> _INSTRUCTIONS FOR THE TASK_: Look through the data below for the line with "少女時代のメンバー個人のIn", and transcribe it exactly together with each line after it up to and including the line with "勤務中ですが、ソリ遊びタイム。". Give nothing else.

> _EXERCISE DATA_:
_____

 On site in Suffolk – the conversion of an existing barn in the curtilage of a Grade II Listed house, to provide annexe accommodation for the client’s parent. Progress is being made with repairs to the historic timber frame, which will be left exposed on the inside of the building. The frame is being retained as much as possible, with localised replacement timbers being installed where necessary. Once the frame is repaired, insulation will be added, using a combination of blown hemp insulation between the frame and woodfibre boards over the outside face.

_____

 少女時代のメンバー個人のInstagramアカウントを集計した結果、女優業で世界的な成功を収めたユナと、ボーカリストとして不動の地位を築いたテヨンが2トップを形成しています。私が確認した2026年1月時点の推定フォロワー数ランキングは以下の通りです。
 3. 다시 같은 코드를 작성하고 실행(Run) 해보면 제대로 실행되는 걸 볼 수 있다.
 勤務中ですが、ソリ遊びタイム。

_____

> _REPLY_:
 少女時代のメンバー個人のInstagramアカウントを集計した結果、女優業で世界的な成功を収めたユナと、ボーカリストとして不動の地位を築いたテヨンが2トップを形成しています。私が確認した2026年1月時点の推定フォロワー数ランキングは以下の通りです。
 3. 다시 같은 코드를 작성하고 실행(Run) 해보면 제대로 실행되는 걸 볼 수 있다.
 勤務中ですが、ソリ遊びタイム。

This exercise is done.